PSCOs transfer is the latest in a series of moves that trimmed down the agencies under the Office of the President in an attempt to clean up and maximize revenue generation.
Earlier, the Department of Finance (DOF) took over the supervision of the Philippine Amusement and Gaming Corp (PAGCOR) but finance officials have already hit a stone wall trying to sort out the agencys finances.
Sources at the DOF disclosed over the weekend that after the transfer of PAGCOR, President Arroyo wanted the DSWD to have full control over PCSO for its own cash and capital requirements.

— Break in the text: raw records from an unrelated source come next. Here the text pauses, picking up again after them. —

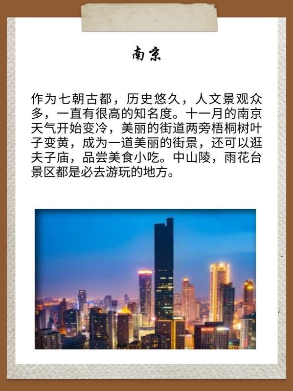 作为七朝古都,历史悠久,人文景观众多,一直有很高的知名度。十一月的南京天气开始变冷,美丽的街道两旁梧桐树叶子变黄,成为一道美丽的街景,还可以逛夫子庙,品尝美食小吃。中山陵,雨花台景区都是必去游玩的地方。
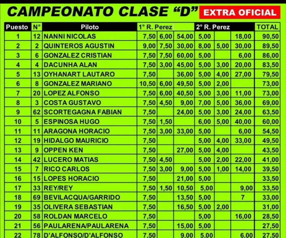 La clase D del Bonaerense está acaparando la atención de los navarreros amantes de los fierros, tal como en una época lo hizo el TC Roqueperense. Se disputaron sólo dos competencias este año, pero de todos modos ya llegaron buenas noticias para estos lados. Se pudo saber extraoficialmente, que el campeonato 2024 luego de estas dos pruebas, es liderado por Nicolás Nanni. Nico es seguido por Agustín Quinteros a un punto y por Cristian González a 4,50. Juanca Garrido marcha en el puesto 18 y Facundo Romero en el 26. La tercera fecha será el 4 y 5 de mayo con pilotos invitados en Gualeguaychú. Estaremos informando.
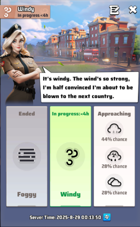 Okay, I'm not going to be posting about the weather where you live because I'm no psychic. But what I will talk about today, is an exciting new gameplay mechanic coming to Last War Season 1, the weather!
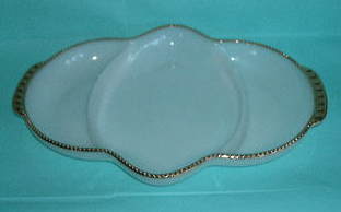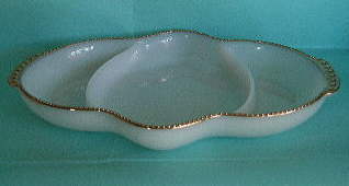 H008 ファイヤーキング シリアルボウル SOLD アンカーホッキング社のファイヤーキング。 22KGOLDゴールデントリムのホワイトシリアルボウルです。金彩のトリムがとてもきれいで申し分ない状態です。1960年前後のものです。ユニークで珍しい形状です。タテ190mm、ヨコ280mm、高さ35mm。

Sources said an executive order was being drafted, transferring the authority to the DSWD which would thereafter be charged to rationalize PSCOs income and the operation of some 50 PCSO lotto outlets in Metro Manila alone.
The transfer of PSCO to the DSWS is coming out shortly after the controversy over the resignation of DSWD Secretary Dinky Juliano-Soliman to give way to Vice President Noli de Castro.

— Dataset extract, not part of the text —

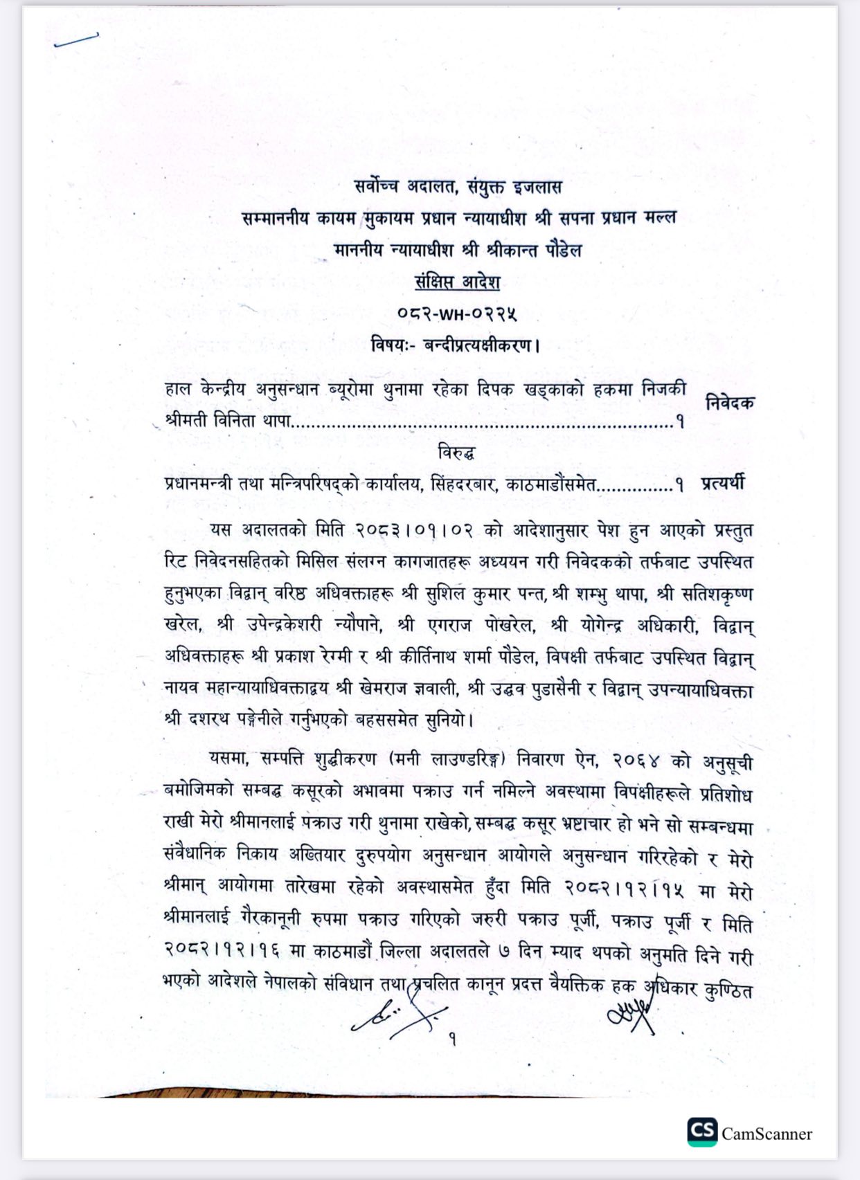 खड्काको पक्राउ र म्याद थप कानुनसम्मत नदेखिएको भन्दै कामु प्रधानन्यायाधीश सपना प्रधान मल्ल र न्यायाधीश श्रीकान्त पौडेलको संयुक्त इजलासले खड्कालाई थुनामुक्त गर्न भनेको हो।

De Castro has been promised by Mrs. Arroyo to take over the DSWD once elected into office.
Malacanang has already transferred three revenue-generating agencies to the DOF.

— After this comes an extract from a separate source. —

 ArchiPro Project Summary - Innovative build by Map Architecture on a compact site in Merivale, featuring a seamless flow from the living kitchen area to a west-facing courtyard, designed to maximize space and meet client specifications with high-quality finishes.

Transferred to the DOF were the Philippine Amusement and Gaming Corp. (PAGCOR), the Public Estates Authority and the Cooperative Development Authority.
Sources said DOF officials have met resistance specifically from PAGCOR as they initiated proceedings for the review of its financials and revenue targets.
According to Budget Secretary Emilia T. Boncodin, however, there was no reason for PAGCOR to delay opening up its financial sheets for a review.